I always had difficulties recognising people on the street, at school or outside the contexts I’m usually seeing them (like, co-workers in a bar) but once they got closer and, particularly if we started talking, I would immediately know who they are.

So I always blamed that on my nearsightedness (myopia).

Anyway, I go online, take a test and it turns out I have the face-recognition of a 60 year old. So I freak out. OMG there’s something wrong with me.

I mean, things were like that my whole life and it didn’t impact my relationships, money or life experience in any way, but suddenly, by comparison to other people under a label, OMG there’s something wrong with me.

Then, he points out that the test we just took was with famous people & their doppelgangers and, since I rarely watch movies or the news, how on earth would I be able to recognise them properly?

So we took another test, with random faces of strangers, and turns out we scored pretty much equally (and he would recognise almost ANY actor - he really loves movies).

And then it hit me: what a rookie mistake I just made!

In every social experiment / survey, the end results represent the average of all the individual points of reference. This means the points of reference are very different from each other.

And, of course, their average is only relevant for the points as a whole group, not for each of them individually (social sciences nerd alert).

For example, if we survey 100 people on the length of their hair, as a general description of that group we’ll find out that women have longer hair than men.

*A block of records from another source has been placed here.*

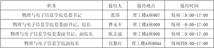 为进一步畅通信息交流渠道,搭建学院领导与广大师生的交流沟通平台,广泛听取各方面意见和建议,学院现设立书记、院长接待日。
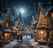 Die Straßen von Hogsmeade, gesäumt von verschneiten, windschiefen Häuschen, werden in den Adventswochen zu einem Treffpunkt für Schüler, Hexen und Zauberer:
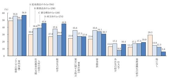 日本政策金融公庫のいくつかの調査によると、既存の販路や顧客開拓、売上の拡大に課題意識を抱えている中で、新事業の立ち上げに活路を見出そうとしている中小企業が多く存在。また、これらの企業は新事業立ち上げに関する様々な支援を必要としています。

Now that doesn’t mean that all women have long hair, or that all men have short hair. It also doesn’t mean that if you have long hair you’re a woman and if you have short hair you’re a man.

Just as it doesn’t mean that it’s wrong to have short hair as a woman or long hair as a man.

This average is completely irrelevant to all individual men and women in the world and it’s only relevant to defining the individuals who took the survey as a group.

If we were to take each woman, individually, we’ll find out that their hair length can vary from 0 to over 100 cm. Same would apply for men, by the way.

For the sake of my nerdy example, let’s say we have a sample of 10 women and their hair length is around 50 cm. If one woman out of those 10 shaves her head, the average drops at 45 cm. Now, if another woman has instead 100 cm length of hair, the average goes back at 50.

If that woman’s hair is not 100 but 200 cm long instead, the average goes at 60 cm - but we would still have 8 women with 50 cm length of hair and 1 bald one in the group.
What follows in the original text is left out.